Cleaning up can be an ordeal, but also an act of self-formation—just like making an album. And so, on The Refrigerator, Remember Sports take stock of everything on the shelves. As the band’s first self-produced project since their debut, it refreshes the catchy, noisy, and increasingly Americana-influenced signature they’ve practiced for more than a decade now. In that time, they’ve gone from recording at their college radio station to using the late Steve Albini’s Electrical Audio. Somewhere in the routine of writing and releasing songs, they hit a tipping point. Like Ratboys’ breakthrough The Window, Remember Sports’ The Refrigerator feels like a lifetime of growth reaching a critical mass. The prechoruses are just a bit bouncier, the solos are more air-guitar-worthy. The Chaucer quote they put on the album cover captures this hard-to-pin-down quality: “The lyf so short, the craft so long to learne.”

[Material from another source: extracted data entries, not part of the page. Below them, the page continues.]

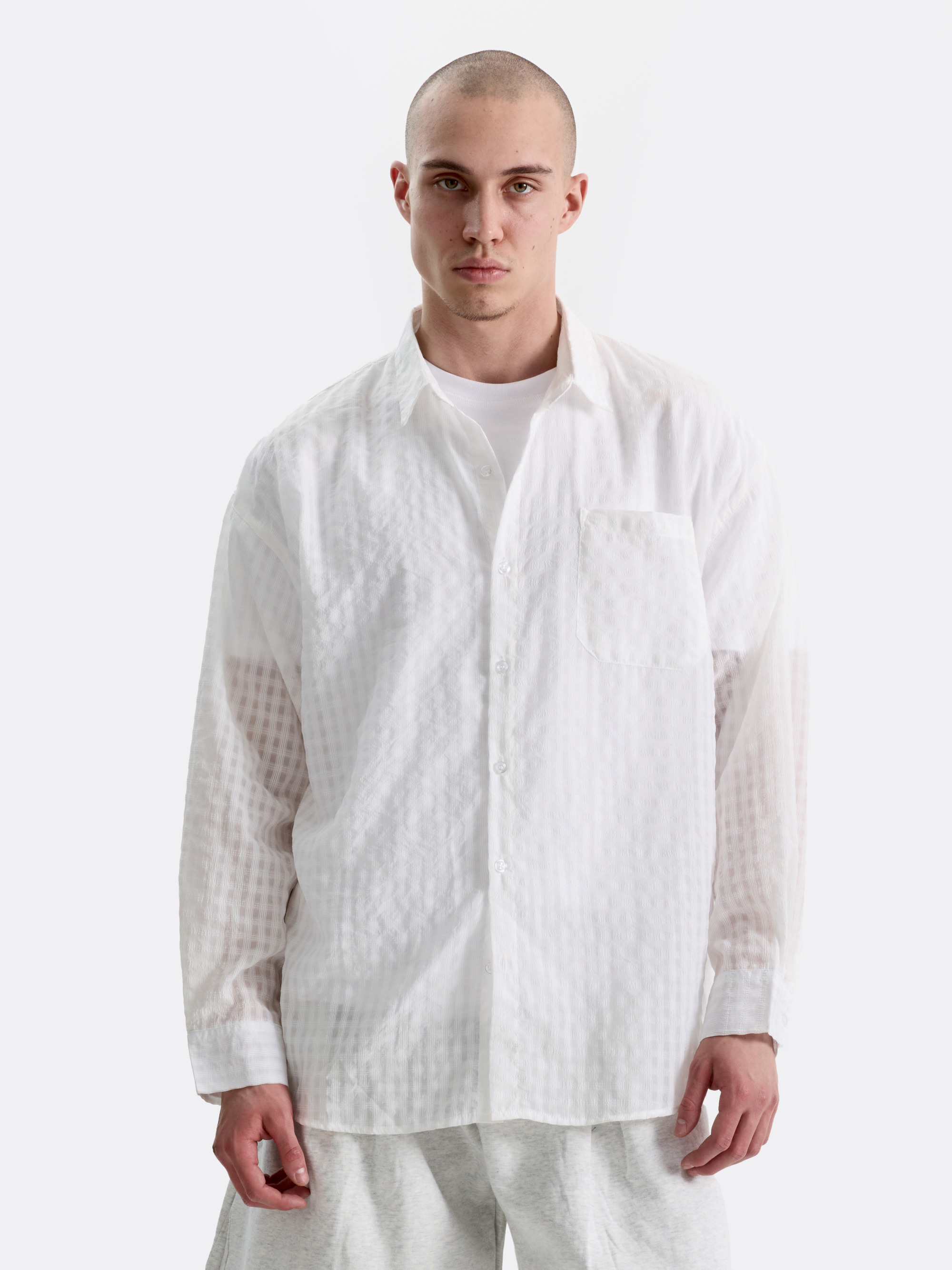 Рубашка Air — это лёгкость в каждом движении. Полупрозрачная текстурированная ткань с вертикальным рисунком делает образ визуально интересным, оставаясь при этом максимально универсальной. Свободный силуэт, накладной карман и классический воротник подчёркивают баланс между повседневностью и эстетикой. Носите на голое тело, в многослойных образах или как лёгкий верхний слой — всегда актуально, всегда легко.
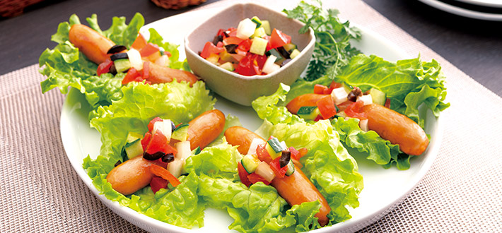 野菜たっぷりビネガーソースのウインナーレタス包み
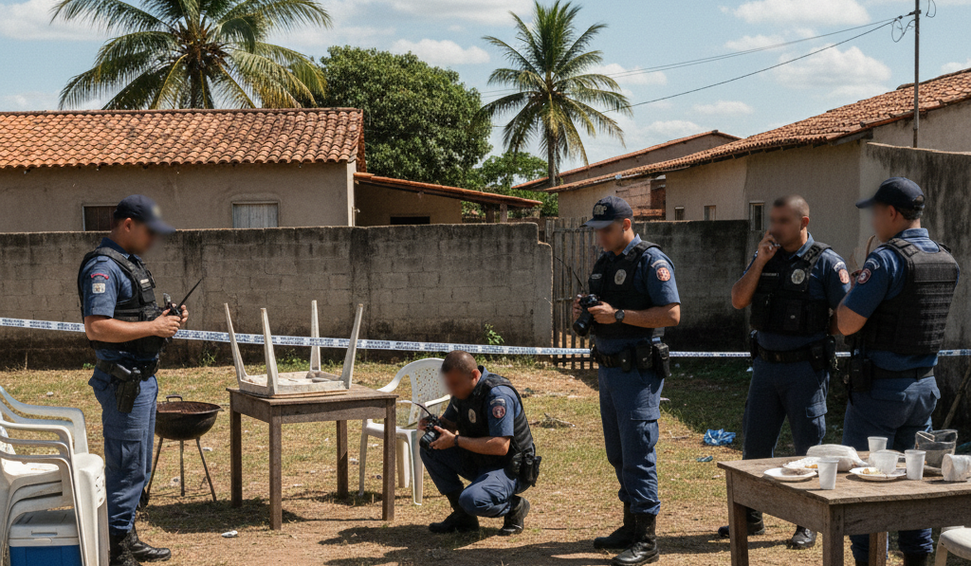 Equipes da Polícia Militar, do Instituto de Criminalística e do Instituto Médico Legal foram acionadas para os procedimentos periciais. O caso será investigado pela Polícia Civil, que busca localizar o suspeito e esclarecer todas as circunstâncias do homicídio.
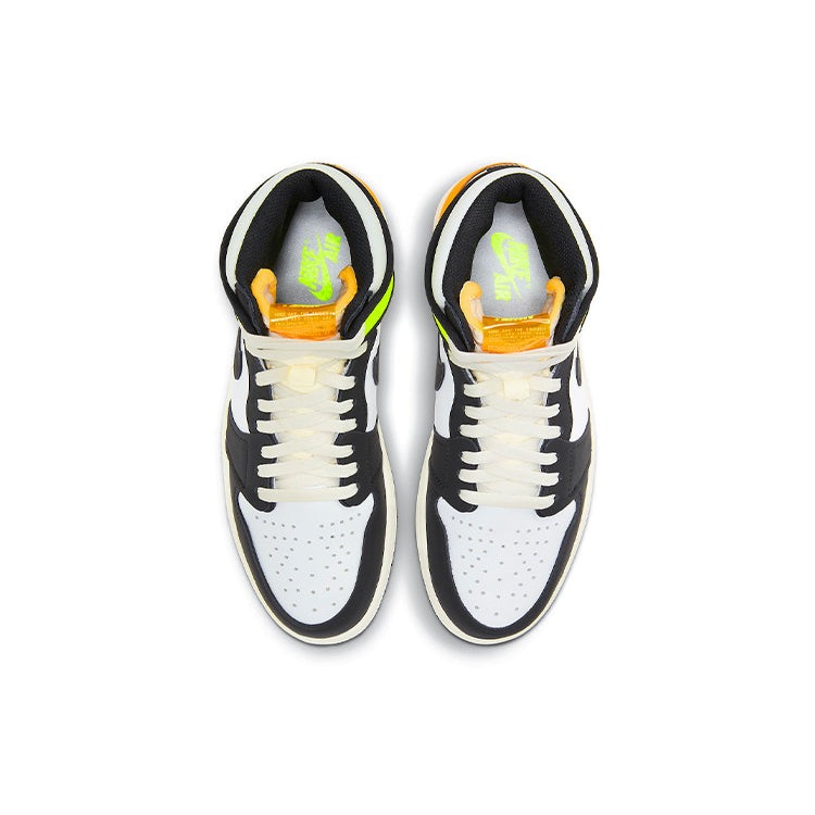 Jordan Brand started 2021 on a high note with the Jordan 1 High Volt Gold. The Volt Gold offers a new take on the renowned Black Toe theme by implementing new materials and features that contribute to a reconstructed design aesthetic.In familiar Black Toe color blocking, the upper of the Jordan 1 Volt Gold is composed of white, black, and yellow leather. A Volt yellow-tinted panel donning the Jordan Wings logo wraps the ankle. Unlike OG Jordan 1 designs that feature double stitch reinforcement, the Volt Gold utilizes single stitch reinforcement on its overlays, creating dimensionality with exposed edges. A nylon tongue with exposed foam edges and reverse transparent tongue label emphasize Jordan s reconstructed design approach. A yellowed midsole and black outsole offer an aged look.The Jordan 1 High Volt Gold released in January of 2021 and retailed for $170.
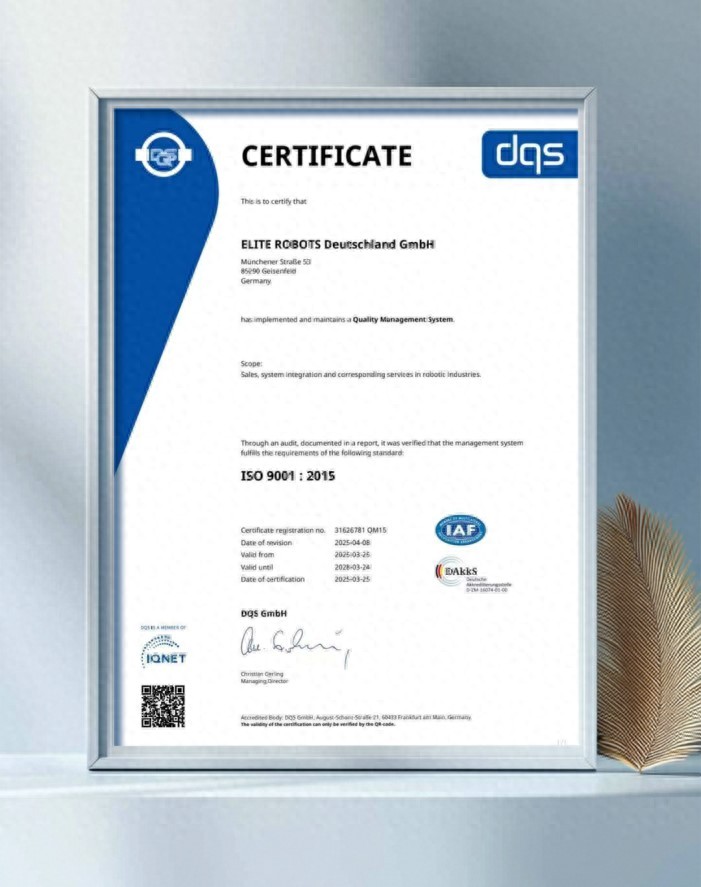 最近、蘇州工業園區の企業エリートロボットは、中國「ISO9001 三體系認証」取得に続き、ELITEROBOTSドイツ有限公司がドイツ國內のISO9001品質マネジメントシステム認証を正式に取得した。國産協働ロボット分野では初めてドイツ國內の認証を取得した中國企業となり、EUのハイエンド市場への參入に固い基盤を築いた。
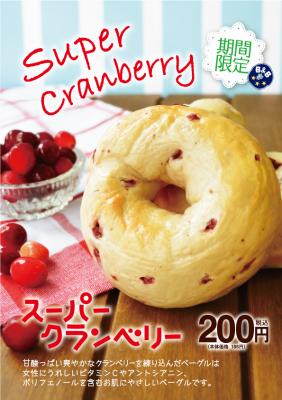 『スーパークランベリーベーグル』期間限定で新発売のお知らせです。
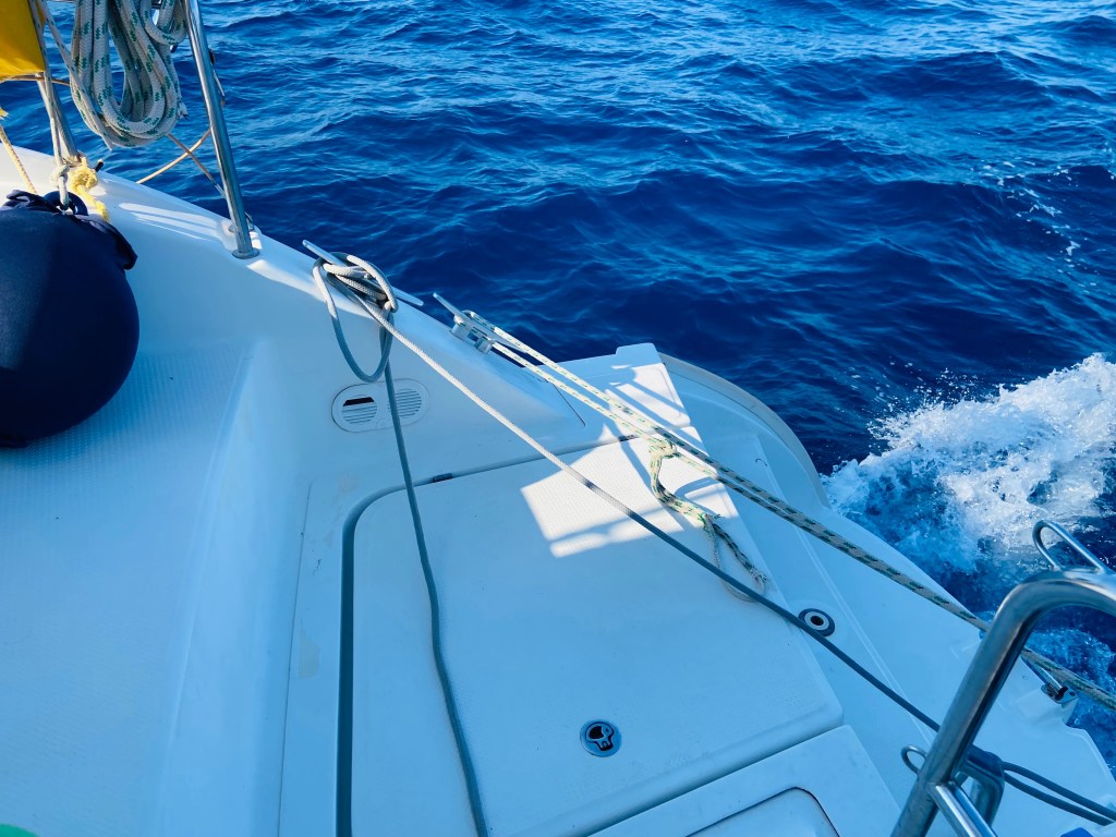 Um 17:00 kracht es plötzlich, wir sitzen beide am Steuerstand und schauen nach Achtern – von der Dingihalterung ist ein Seil gerissen. Sofort werden die Segel geborgen, damit wir langsamer werden. Der neue Außenborder ist noch am Beiboot, die Batterie befindet sich unter Wasser. Wir befestigen das Dingi an einer langen Leine und Markus begibt sich in das Beiboot, um Ersatzleinen zu befestigen. Nach einer halben Stunde haben wir das Dingi wieder hochgezogen und zusätzlich gesichert. Nun können wir wieder Fahrt aufnehmen. Vor ein paar Tagen haben wir noch darüber gesprochen, dass wir die Leinen gegen Ketten austauschen werden.
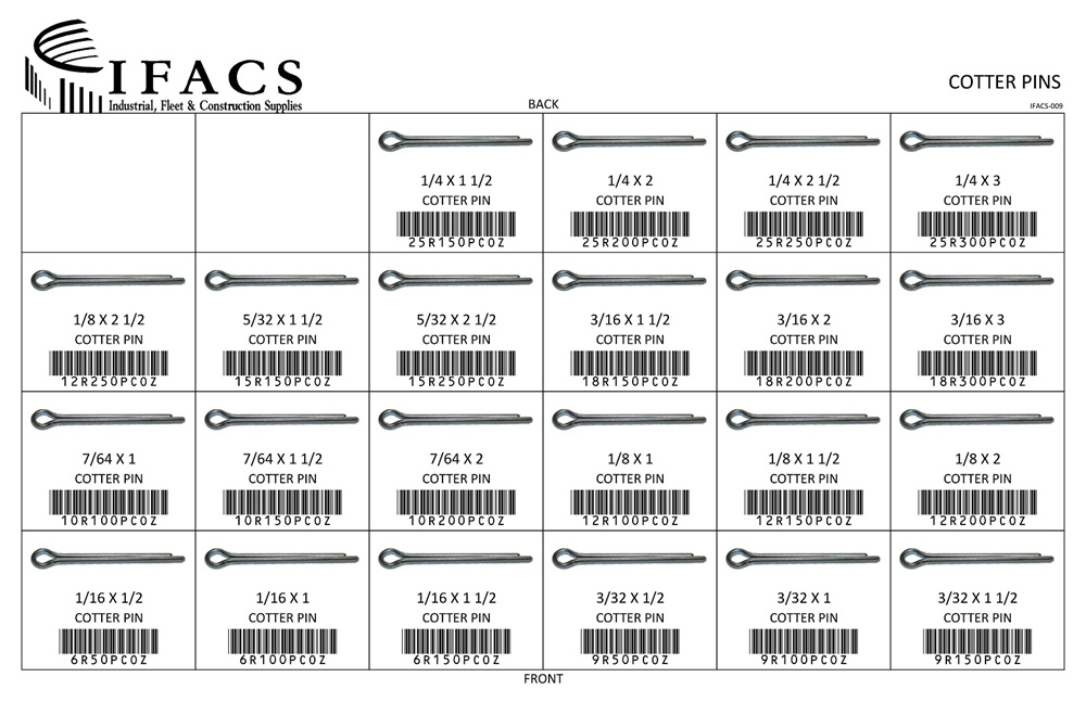 | 12R150PCOZ | 1/8 X 1 1/2 COTTER PIN ZN | 50 |
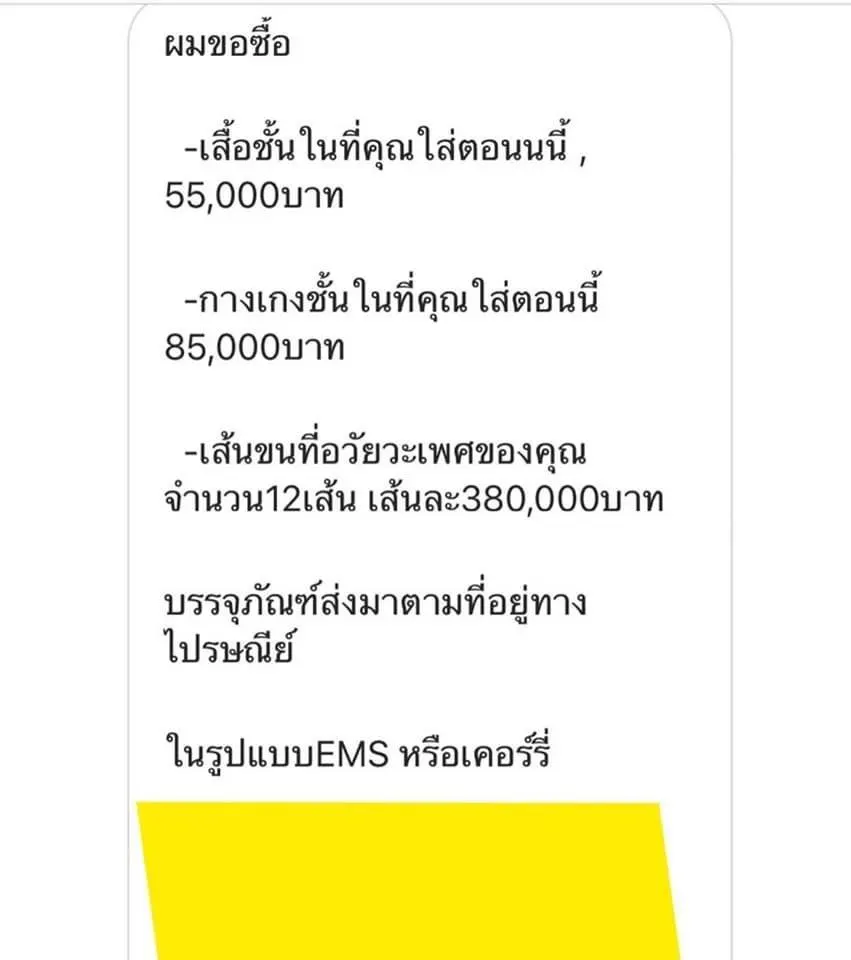 น.ส.ฐรินดา หรือ มิ้งค์ กล่าวต่อว่า ตนจึงตอบไปว่าไม่รับงานแบบนี้ จากนั้นชายคนดังกล่าวจึงยื่นข้อเสนอมาว่าให้ส่งชุดชั้นในมาก็ได้ พร้อมกับติดต่อขอซื้อขนเพชรในราคา 5 หมื่นบาท โดยชายโรคจิตดังกล่าว ก็พยายามจะวิดีโอคอลมาตลอดเวลา แต่ตนไม่รับ พอตนไม่รับก็จะส่งภาพอนาจารของตัวเองมาให้ ซึ่งตนก็ได้บล็อคไป โดยชายโรคจิตยังส่งข้อความมาบอกอีกว่าถ้าบล็อคเขา เขาก็จะตามไปทุกช่องทาง เขามีบัญชีไอจีและเฟซบุ๊กรวมกว่า 50 บัญชี จะตามระรานไปตลอด
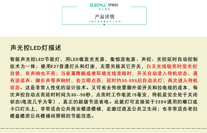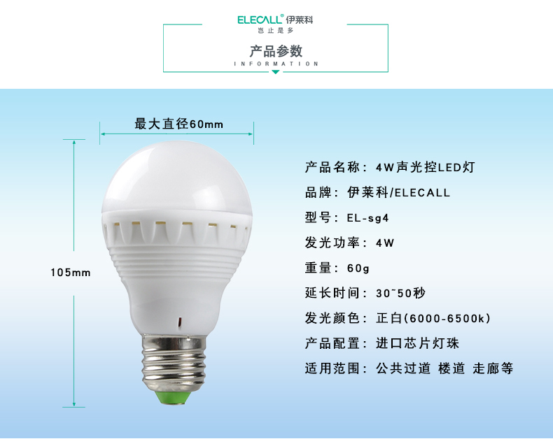 伊莱科 声光控LED节能灯 节能灯 e27节能灯 EL-SG4(冷光)
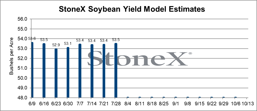 Along with corn, the trade expects record yield for beans. StoneX has 53.5 bpa.
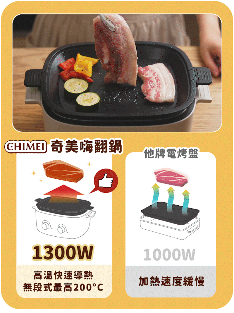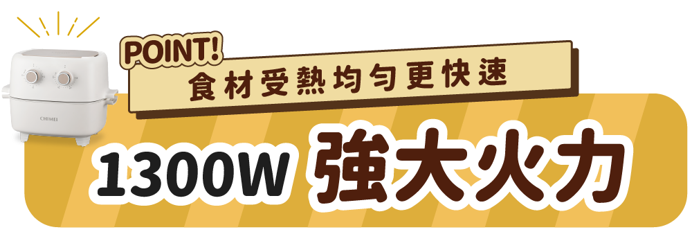 擁有 1300W 強大火力,無段式最高可達 200 度,精準加熱均勻烹調,有效提升加熱效率!
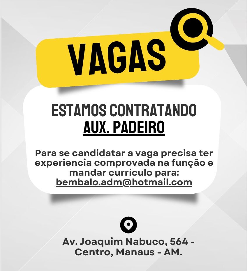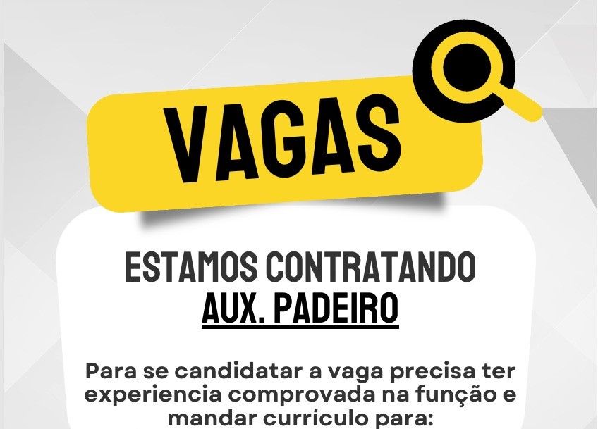 Seleção para vaga de Auxiliar Padeiro; Envie seu currículo!
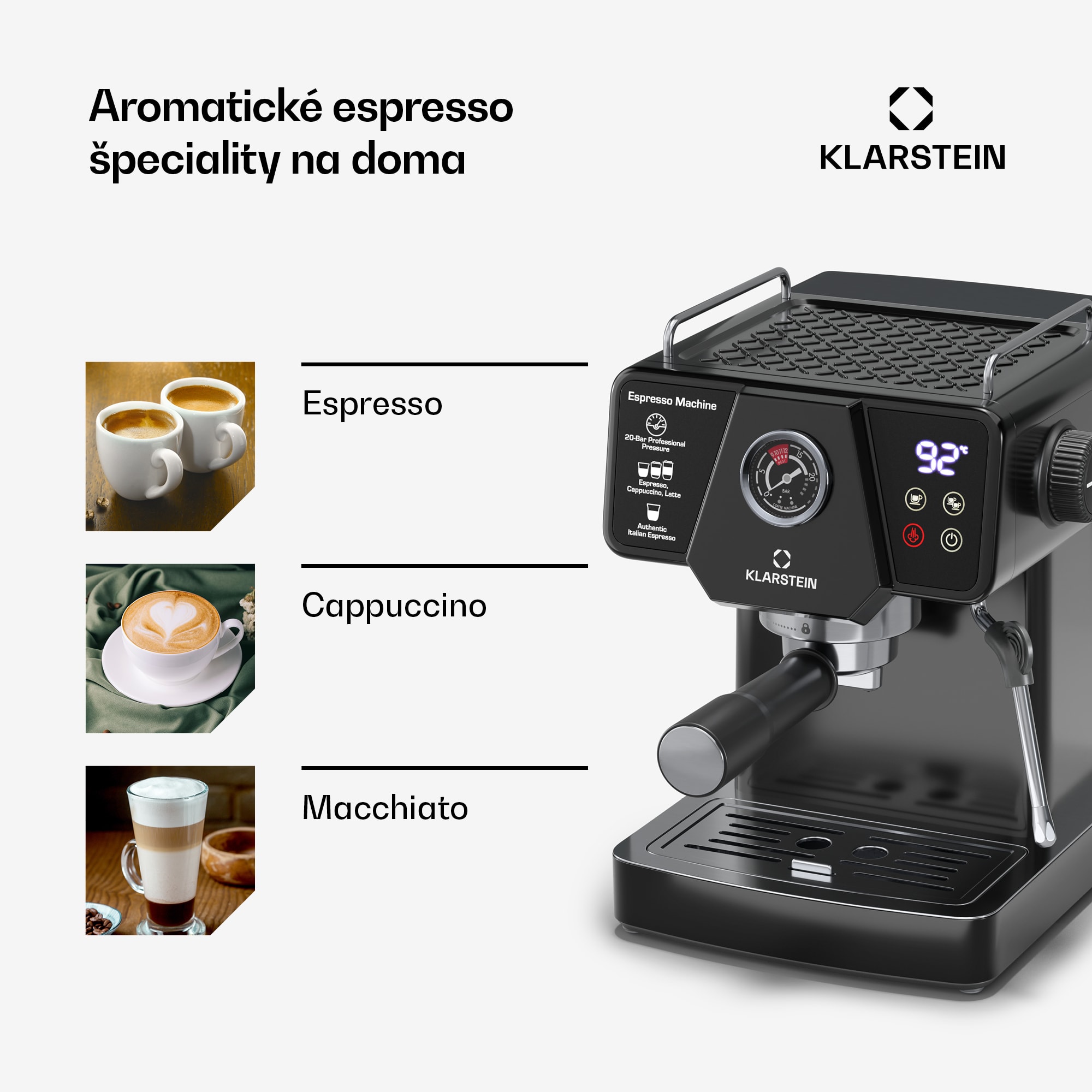Pre kvalitný pôžitok z kávy: Klarstein Libeica je elegantný kávovar v atraktívnom dizajne z nehrdzavejúcej ocele s ukazovateľom teploty a tlaku. Vďaka presvedčivému výkonu 1350 W a tlaku 19 barov vyčarí tú najlepšiu arómu kávy zo všetkých kávových zŕn. Vďaka klasickému portafiltru z nehrdzavejúcej ocele môžete použiť buď kávu, alebo espresso v prášku. Pomocou parnej trysky si môžete v okamihu pripraviť krémovú penu na cappuccino alebo latte macchiato. Jedno naplnenie odnímateľnej nádržky na vodu vystačí vďaka jej značnému objemu na približne 10 šálok kávy.Vychutnajte si vysokokvalitnú kávu ako barista! Kúpte si kávovar na espresso Klarstein Libeica a vychutnajte si aromatické espresso a krémové cappuccino jediným stlačením tlačidla.
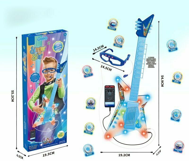 Gitara gwiazdy Rocka niebieska + okulary z mikrofonem 1009016

Remember Sports demonstrate their learne-ing of the craft on songs like “Thumb,” one of their hardest-ever rockers, and “Ghost,” a vision built on the squeals of fiddles, the droning of bagpipes, and a killer backbeat. After stretching out on their last record, the band sounds locked in. Perry gives some of the most forceful vocal performances of her career, especially on “Cut Fruit,” which is structured like a purging scream. The track opens on an inhale of feedback, howls with maximal distortion for three verses and two choruses, then exhales more feedback, with Perry panting from the effort. This is her loudest emotional outpouring and her deepest reach into the icebox; she admits to having “Cut fruit in the back of the crisper drawer / It didn’t make sense to buy more”—either because she didn’t really plan to eat it, or she didn’t think she’d be around to do so.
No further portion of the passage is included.